- 16 oz pizza dough
- 2 T extra-virgin olive oil, divided
- 4 oz onion, minced
- 1 clove garlic, minced
- 6 oz ground beef
- 2 T taco seasoning
- 1 c refried beans (prepared)
- 1 c cheddar cheese (shredded)
- Sea salt and fresh ground black pepper
- ½ c iceberg lettuce, sliced thin
- ¼ c black olives, sliced
- ¼ c green onions, sliced thin
- ¼ c salsa (prepared)
- ½ c sour cream (for serving)
- To cook beef, place olive oil in a 10-inch nonstick in round roasting pan. Add onions, garlic and cook at 450°F 30/90 for 2 min. Add ground beef and taco seasoning. Cook ground beef through. Remove.
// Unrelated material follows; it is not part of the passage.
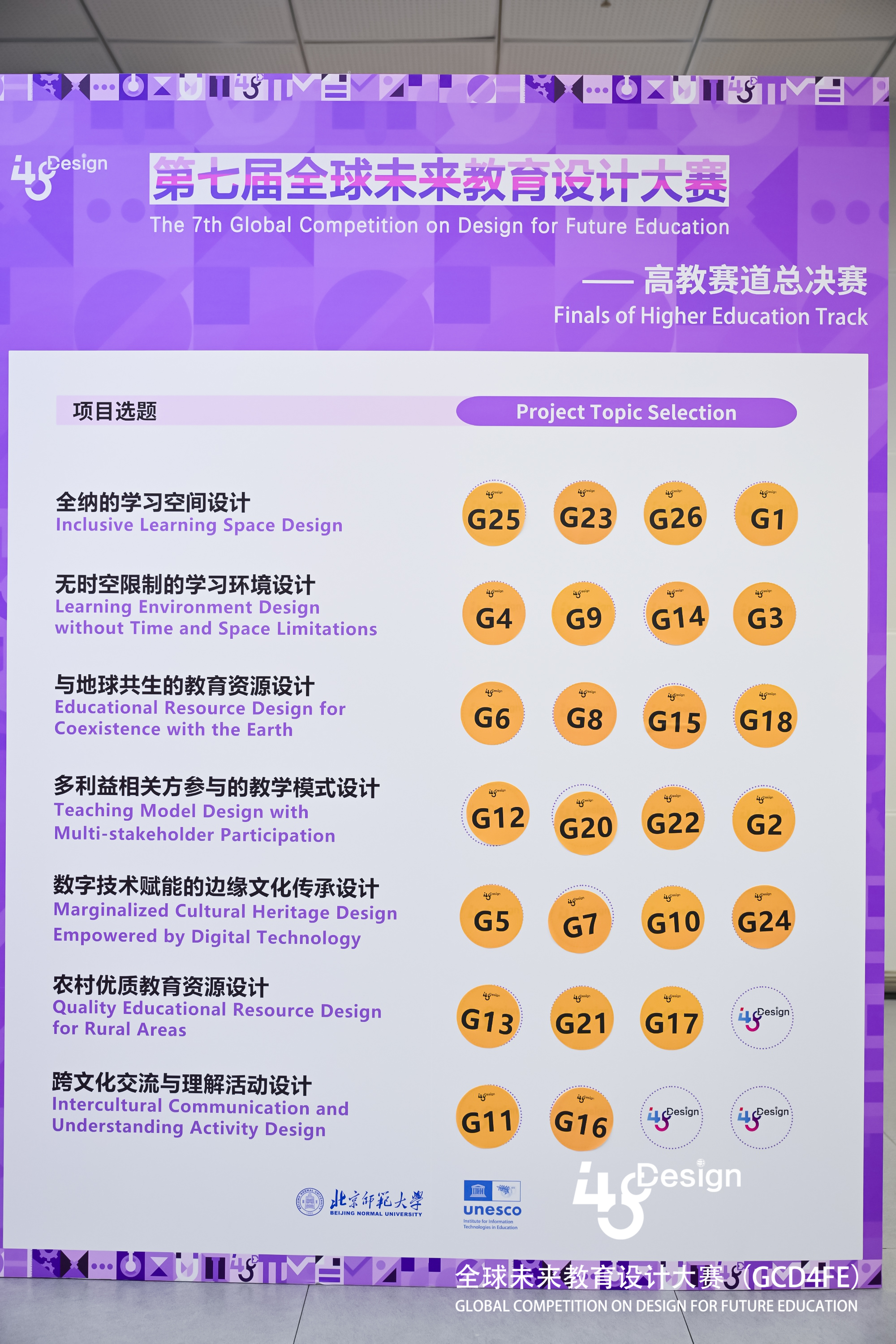 本届总决赛响应联合国教科文组织《一起重新构想我们的未来:为教育打造新的社会契约》的理念,特别策划七大赛题:
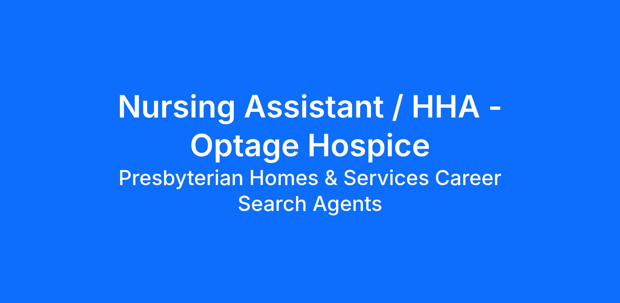 Presbyterian Homes - Optage Hospice is seeking an On-Call Nursing Assistant/Home Health Aide to join the team. This position will be primarily assigned to work at the Hudson and New Richmond Wi, locations but must be willing to back fill for absences within the Twin Cities region. Must provide own transportation, mileage reimbursement available. Must have current Wisconsin certification.

Strain and reserve.
- Preheat the Pizza Stone in Bravo on cooking rack in position 1 at 450°F 30/90 for 30 min. to get Stone hot.
- Let dough stand at room temperature for 30 min.
- Roll dough into an 11-inch circle on a floured surface. Pierce entire surface with a fork.
- Brush dough with olive oil. Evenly spoon beans on top. Top with taco-seasoned beef and cheddar cheese.
- Using the Pizza Peel, carefully place dough on Pizza Stone. Bake at 450°F 30/90 for 12 min. or until crust is browned and crisp.
- Using the Pizza Peel, remove pizza. Season with salt and pepper. Top with lettuce, olives, green onions, and salsa. Cut into 8 slices.